C’est sur cette base minimum que la CFE-CGC d’Alstom orientera ses revendications salariales pour les ATAM et Cadres.

Pour Alstom Transport S.A., la première réunion des Négociations Annuelles Obligatoires aura lieu le 27 janvier 2011.

Et comme c’est de saison, notre premier vœu pour ce début d’année 2011 est que la DIRECTION D’ATSA prennent ses responsabilités comme l’a fait l’UIMM !

De Source INSEE :

L’indice INSEE sur un an croît de 1,8 %. Hors tabac, l’indice est de +1,7 % sur un an. Corrigé des variations saisonnières (CVS), l’IPC est de +1,8 % sur un an. Mais il s’agit là d’un minimum au regard des augmentations courantes ci-dessous.

Quelques éléments précis sur les augmentations de produits de consommation courante en 2010 :

· les combustibles liquides : +26,5 % sur un an,
· les carburants : +15,0 % sur un an.
· prix des produits frais : +9,4 % sur un an
· prix des légumes frais : +15,9 % sur un an
· prix des poissons et crustacés frais : +7,3 % sur un an
· les prix des services d’enlèvement des ordures ménagères sont revalorisés de +5,9 %.
· Augmentation des impôts des régions : + 36% de 2004 à 2010
· Variation de l’indice de référence des loyers : +1,45%. Les prévisions sont de plus de 6% pour 2011.
· Le coût des assurances va augmenter jusqu’à 5% en 2011.
· L’électricité : 6% en 2010 et va augmenter de plus de 3% en 2011.
· Et le gaz, le téléphone (plus de 5% au 1er janvier), etc… .

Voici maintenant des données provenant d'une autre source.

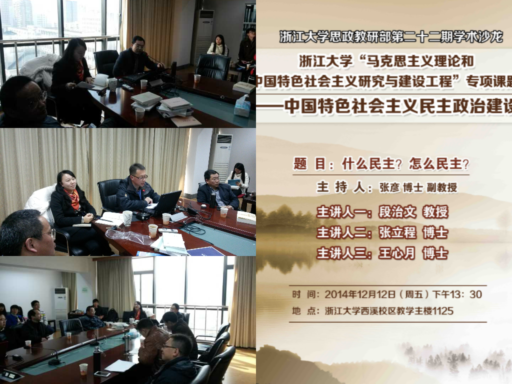 2014年12月12日下午1点半,由张彦副教授主持的浙江大学思政教研部第二十二期学术沙龙在西溪校区教学主楼1125室准时开讲。本次沙龙邀请了段治文教授团队做了“马克思主义理论和中国特色社会主义研究与建设工程”专项课题报告。思政部众多师生积极参加了这次活动。

Information de janvier et un exemple à suivre :
Accord salarial chez Total :
La CFE-CGC est signataire d’un accord salarial pour le groupe pétrolier Total pour 2011 d’une enveloppe globale d’au moins 3,3 % (2,9 % pour la filière pétrochimique).

…. Et Alstom Transport SA ?

Les salariés d‘ATSA attendent au moins 1% au dessus de l’indice INSEE dès l’entrée en négociation. Nous ne pourrions admettre qu’ATSA s’autorise à nous mettre d’emblée en dessous de l’évolution des prix.
La CFE-CGC ne négocie pas pour obtenir le minimum du minimum, mais pour améliorer le pouvoir d’achat des salariés après de trop nombreuses années de « vaches maigres » et pour favoriser la consommation des ménages.

Il n’est plus supportable de voir se creuser les écarts entre les plus hauts salaires et Nous !!!